Sighing for disgust, I turned on my heel and went to find Clytoneus. He was nowhere in the house, nor in the orchard; so I wandered towards the town deep in thought, and met him striding along, with Argus and Laelaps at his heels.
“I took the Eryx road,” he said. “Argus started a hare and had her twisting and doubling between the cornfields. Laelaps kept only a few yards behind. Presently they reached a patch of brambles and butcher’s-broom, where they lost her. Then a vixen bolted from the same thicket and led them a fine chase up the hill, but went to earth in the stone quarry. So we were out of luck. Still, the hounds enjoyed their run; they seldom get enough exercise these days.”

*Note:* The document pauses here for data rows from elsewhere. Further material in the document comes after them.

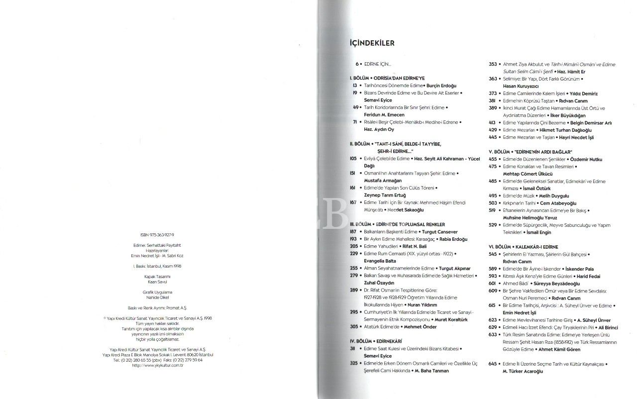 Edirne deyince eski ve yeni dönemleriyle, söylenceden bilime ulaşan tarih; insan eliyle oluşturulmuştur eski ve yeni güzelliklerin arayıcısı, saptayıcısı ve koruyucusu olan sanat tarihi; zanaattan sanata, gelenekselden evrensele ulaşan çizgide pek çok ögeyi buluşturan halk kültürü; yaşam öyküsü ve kimliği bu şehirle özdeşleşen kişiler kitabın ana eksenini oluşturur.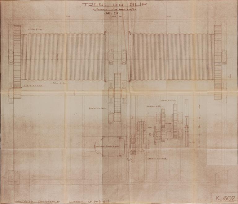 Le treuil de hissage du chariot du slipway est installé dans une salle dédiée situé immédiatement à l’ouest de l’alvéole du slipway dans le bunker Keroman I (à l’extrémité nord, du côté de la porte blindée et de l’aire de translation). Cette salle est dotée de deux accès : le premier, depuis l’alvéole du slipway, est doté de deux portes coulissantes en bois ; le second, depuis "l’atelier de chaudronnerie" (ensuite magasin puis, atelier du Port de La Base de Lorient) est doté d’une double porte donnant accès à une plate-forme dominant la salle du treuil. Ce dernier accès a été modifié après 1945.
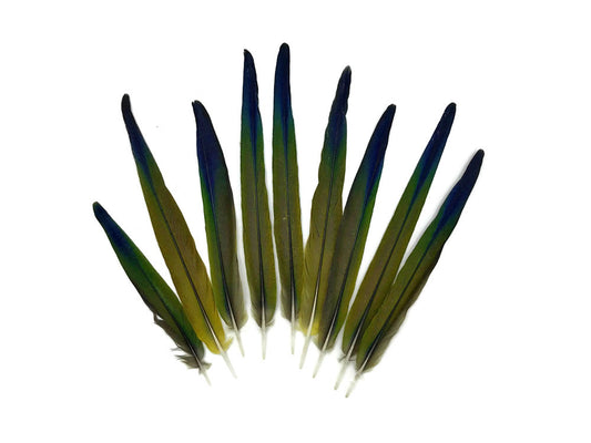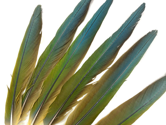 4 Pieces - Green & Yellow Mix Conure Tail Rare Feathers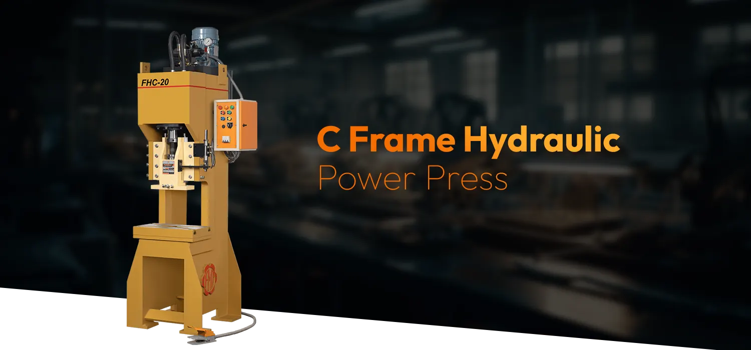 Unlike mechanical presses, hydraulic power presses use hydraulic cylinders and fluid pressure to generate force, offering smooth and precise operation with adjustable stroke length and pressure control. This makes them ideal for operations requiring consistent force throughout the stroke, such as deep drawing and forming of complex shapes. C Frame Hydraulic Presses are known for their structural rigidity and are typically built with thick steel plates to minimize deflection under load, ensuring high accuracy and repeatability. These presses are commonly used in industries like automotive, electrical, home appliances, and aerospace, where precision and customization are critical. Safety is also a major advantage, as modern hydraulic presses often include advanced features like pressure relief valves, safety interlocks, light curtains, and two-hand operation controls.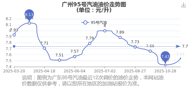 油价调整最新消息:11月19日广州汽油、柴油价格是11月11日调整后的价格,每升价格具体为:92号汽油为6.96元,升了0.1元,升幅达1.46%;95号汽油为7.54元,升了0.11元,升幅达1.48%;89号汽油为6.46元,升了0.09元,升幅达1.41%;0号柴油为6.59元,升了0.1元,升幅达1.54%。广州下一轮油价调整时间11月24日24时,距离现在还有5.39天。

“Tell me, Clytoneus,” I said, lowering my voice because a group of peasants was approaching, “have you noticed any alteration in people’s behaviour since our father sailed?”
He stopped suddenly. “Since you mention it, yes,” he answered. “A certain ungraciousness, amounting almost to sullenness. It is natural enough that some people should be tempted to take things easy in the King’s absence and neglect their duties. Uncle Mentor is well disposed to our house but, being of lower rank than several members of the Council, cannot sit with proper assurance in the chair of state. Besides, he is a little too softhearted, and his tours of inspection are not nearly so thorough as our father’s. I happened to hear Melantheus answering him back most rudely yesterday when he suggested that the goats should be restrained by some means or other from barking the young poplar trees. Uncle Mentor went off with a civil good day, to which Melantheus returned hardly a grunt; but I came up, applied my spear shaft to the insolent fellow’s shoulders and advised him to mend his ways.”